Task directions: Give the listing again character for character, but drop the images.

Available data:

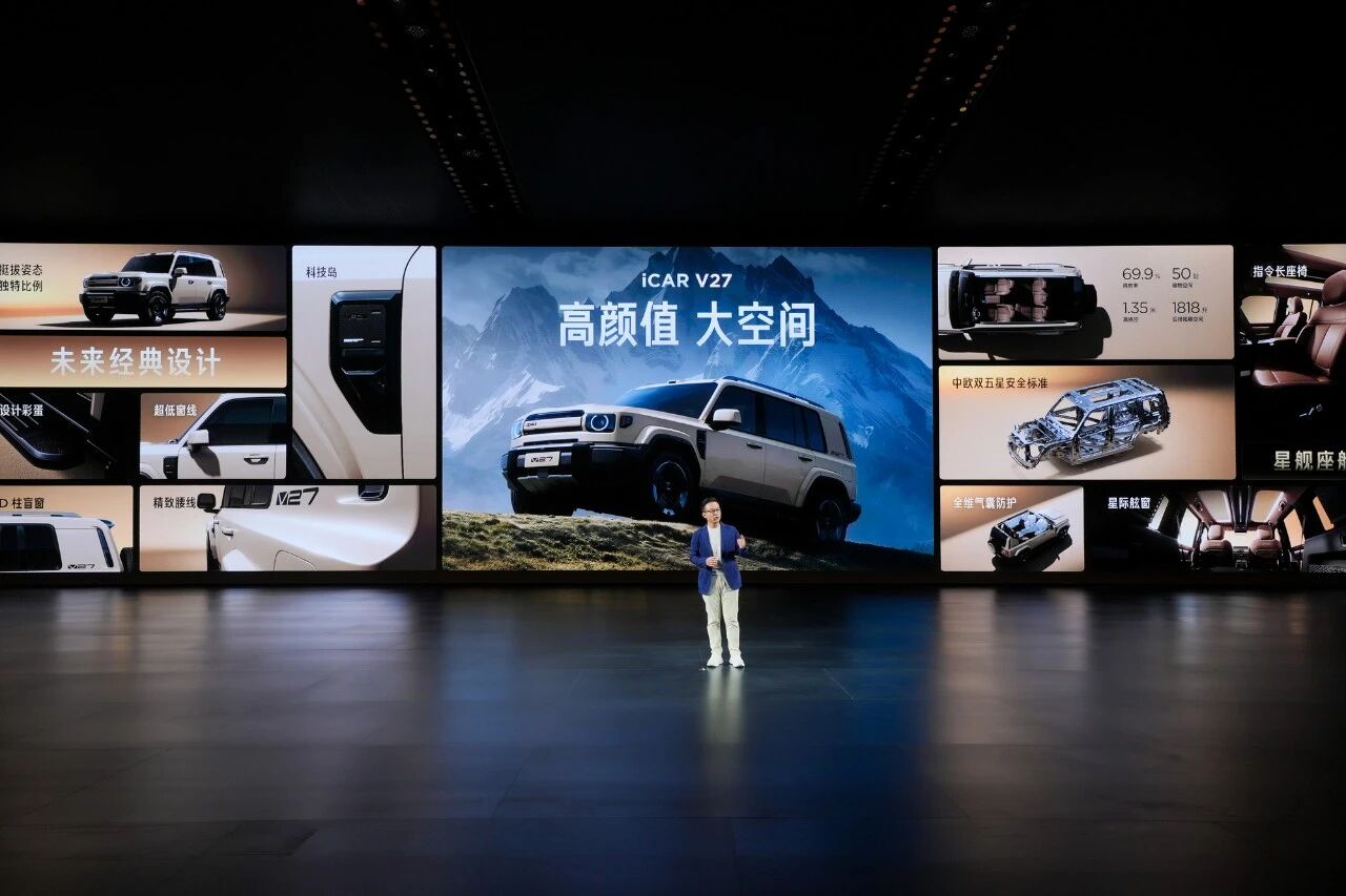 iCAR V27采用未来经典设计理念,融合经典越野姿态与精致科技,在秩序与简洁中凸显独特风格。车身超5米,搭配近1:1宽高比、直立A柱,姿态挺拔,勾勒硬派风格比例,超低窗线与高占比侧窗,营造通透视野。高集成度科技岛,在极简中透出科技精致,打造出穿越周期的经典美学。
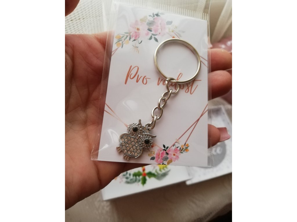 Klíčenka je zabalena v celofánovém sáčku na kartičce s věnováním na foto.
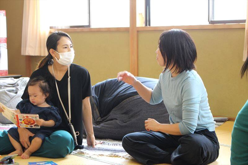 赤ちゃんたちも過ごしやすいぽかぽか陽気で、ごきげんな様子♪広い畳の部屋で自由にハイハイをしたり、お母さんに抱っこされたり、親子でのんびりと過ごされていました。
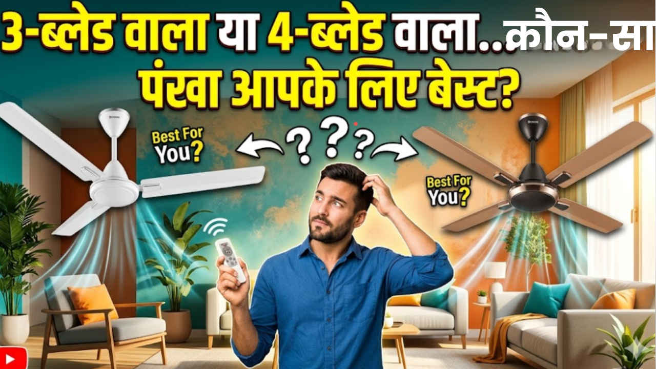 भारत में Ceiling Fan हर घर का जरूरी हिस्सा है, लेकिन ज्यादातर लोग इसे बिना सोचे-समझे खरीद लेते हैं. असल में सही Ceiling Fan चुनने के लिए सिर्फ डिजाइन नहीं, बल्कि उसके ब्लेड की संख्या भी बहुत मायने रखती है. 3 ब्लेड और 4 ब्लेड फैन के बीच का फर्क समझना जरूरी है, वरना आप गलत चुनाव कर सकते हैं.
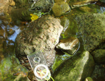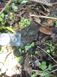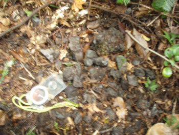 新見市神郷町 三室地区 現地訪問 (08.9.27) 三室山鉄山の稼業地を特定するために、三室地区を訪ねた。また、現地の方にお話を伺った。 1)かなくそ捨て場を見つけた。明確なかなくそ捨て場は、730m林道分岐(三国山登山口)のすぐ下流。 2)たたら操業が行われていたと思われる場所を2か所推定した。730m林道分岐広場と、もう少し下流の支流沿い平地。 −−−−−−−−−−−−−−−−−−−−−−−−−− (かなくそ捨て場の発見) 1)三室川本流沿いのかなくそ捨て場 三室川を川沿いに歩き、かなくそが川に見られなくなる場所を特定した。舗装路から三国山登山口へ入る分岐地点から、川沿いに川の中のかなくそを確認しながら上流へ歩いた。 ![]() 川の中のかなくそ 20cm大 小さいものもたくさん落ちている 川の中に、かなくそが数多く見つかる場所があった。その横の斜面を20cm掘り起こすと多量のかなくそが見つかった。 ![]() 斜面を掘り起こして見つけたかなくそ。撮影のために集めてある。 斜面の上は、土と杉小枝で埋まっているので掘り返すことはしなかった。ここは川に近すぎることからかなくそ捨て場で、たたら稼業はもっと山沿いで行われていたと推定。場所不明。 さらに川を遡行する。川は、標高730mの林道分岐点で2方向に分かれている。本流の左俣はかなくそがない。小さい流れの右俣はかなくそが落ちていた。ここらあたりは、広場のようになっている。 川分岐の20m下流が、かなくそ捨て場になっていた。 ![]() 左 かなくそ捨て場 奥に川が流れている。右が上流。 右 かなくそ捨て場のかなくそ 2)支流のかなくそ捨て場 730m分岐の200m程下流に北側から、三室川に流れ込む支流がある。ここに、かなくそが落ちていた。 支流の斜面にもかなくそ が落ちていた ![]() 左 支流の様子 中 支流の右岸の川沿いの広場 ここでかなくそを探したが見つからなかった。 右 支流右岸の斜面に落ちていたかなくそ 磁石弱く付く ![]() 左 支流の中に落ちていたかなくそ 右 支流の中にあったお椀のかけら 「東陽軒 平八製」とある。模様はプリントで、大正後半から昭和はじめのものらしい。大正期には、この地ではたたら製鉄はすでに終焉を迎えていたので、たたら関係者が使用したとは考えにくい。ちょっと、残念。 (たたら稼業推定位置) @川分岐のかなくそ捨て場の上流。(登山口表示のあるあたりの広場) A北側支流の右岸の広場 三室鉄山の稼業の中心は、730m分岐広場あたりと思われる。 (現地での聞き取り) 三室で 地元の方にお話を伺った。 1)たたら製鉄を行っていたと思われるのは、三室川上流、宮ノ谷川上流、青笹川の滝の下の公園の所(カメガハラ)。 三室川上流と、青笹川は確実。宮ノ谷川はよくわからない。 2)宮ノ谷川では、鉄穴流しがおこなわれていた。水路跡の石垣が残っている。 3)家に、昔の「村と鉄山師とのたたらの取り決め」古文書がある。

Answer to the exercise:
 iCAR V27采用未来经典设计理念,融合经典越野姿态与精致科技,在秩序与简洁中凸显独特风格。车身超5米,搭配近1:1宽高比、直立A柱,姿态挺拔,勾勒硬派风格比例,超低窗线与高占比侧窗,营造通透视野。高集成度科技岛,在极简中透出科技精致,打造出穿越周期的经典美学。
 Klíčenka je zabalena v celofánovém sáčku na kartičce s věnováním na foto.
 赤ちゃんたちも過ごしやすいぽかぽか陽気で、ごきげんな様子♪広い畳の部屋で自由にハイハイをしたり、お母さんに抱っこされたり、親子でのんびりと過ごされていました。
 भारत में Ceiling Fan हर घर का जरूरी हिस्सा है, लेकिन ज्यादातर लोग इसे बिना सोचे-समझे खरीद लेते हैं. असल में सही Ceiling Fan चुनने के लिए सिर्फ डिजाइन नहीं, बल्कि उसके ब्लेड की संख्या भी बहुत मायने रखती है. 3 ब्लेड और 4 ब्लेड फैन के बीच का फर्क समझना जरूरी है, वरना आप गलत चुनाव कर सकते हैं.
 新見市神郷町 三室地区 現地訪問 (08.9.27) 三室山鉄山の稼業地を特定するために、三室地区を訪ねた。また、現地の方にお話を伺った。 1)かなくそ捨て場を見つけた。明確なかなくそ捨て場は、730m林道分岐(三国山登山口)のすぐ下流。 2)たたら操業が行われていたと思われる場所を2か所推定した。730m林道分岐広場と、もう少し下流の支流沿い平地。 −−−−−−−−−−−−−−−−−−−−−−−−−− (かなくそ捨て場の発見) 1)三室川本流沿いのかなくそ捨て場 三室川を川沿いに歩き、かなくそが川に見られなくなる場所を特定した。舗装路から三国山登山口へ入る分岐地点から、川沿いに川の中のかなくそを確認しながら上流へ歩いた。 ![]() 川の中のかなくそ 20cm大 小さいものもたくさん落ちている 川の中に、かなくそが数多く見つかる場所があった。その横の斜面を20cm掘り起こすと多量のかなくそが見つかった。 ![]() 斜面を掘り起こして見つけたかなくそ。撮影のために集めてある。 斜面の上は、土と杉小枝で埋まっているので掘り返すことはしなかった。ここは川に近すぎることからかなくそ捨て場で、たたら稼業はもっと山沿いで行われていたと推定。場所不明。 さらに川を遡行する。川は、標高730mの林道分岐点で2方向に分かれている。本流の左俣はかなくそがない。小さい流れの右俣はかなくそが落ちていた。ここらあたりは、広場のようになっている。 川分岐の20m下流が、かなくそ捨て場になっていた。 ![]() 左 かなくそ捨て場 奥に川が流れている。右が上流。 右 かなくそ捨て場のかなくそ 2)支流のかなくそ捨て場 730m分岐の200m程下流に北側から、三室川に流れ込む支流がある。ここに、かなくそが落ちていた。 支流の斜面にもかなくそ が落ちていた ![]() 左 支流の様子 中 支流の右岸の川沿いの広場 ここでかなくそを探したが見つからなかった。 右 支流右岸の斜面に落ちていたかなくそ 磁石弱く付く ![]() 左 支流の中に落ちていたかなくそ 右 支流の中にあったお椀のかけら 「東陽軒 平八製」とある。模様はプリントで、大正後半から昭和はじめのものらしい。大正期には、この地ではたたら製鉄はすでに終焉を迎えていたので、たたら関係者が使用したとは考えにくい。ちょっと、残念。 (たたら稼業推定位置) @川分岐のかなくそ捨て場の上流。(登山口表示のあるあたりの広場) A北側支流の右岸の広場 三室鉄山の稼業の中心は、730m分岐広場あたりと思われる。 (現地での聞き取り) 三室で 地元の方にお話を伺った。 1)たたら製鉄を行っていたと思われるのは、三室川上流、宮ノ谷川上流、青笹川の滝の下の公園の所(カメガハラ)。 三室川上流と、青笹川は確実。宮ノ谷川はよくわからない。 2)宮ノ谷川では、鉄穴流しがおこなわれていた。水路跡の石垣が残っている。 3)家に、昔の「村と鉄山師とのたたらの取り決め」古文書がある。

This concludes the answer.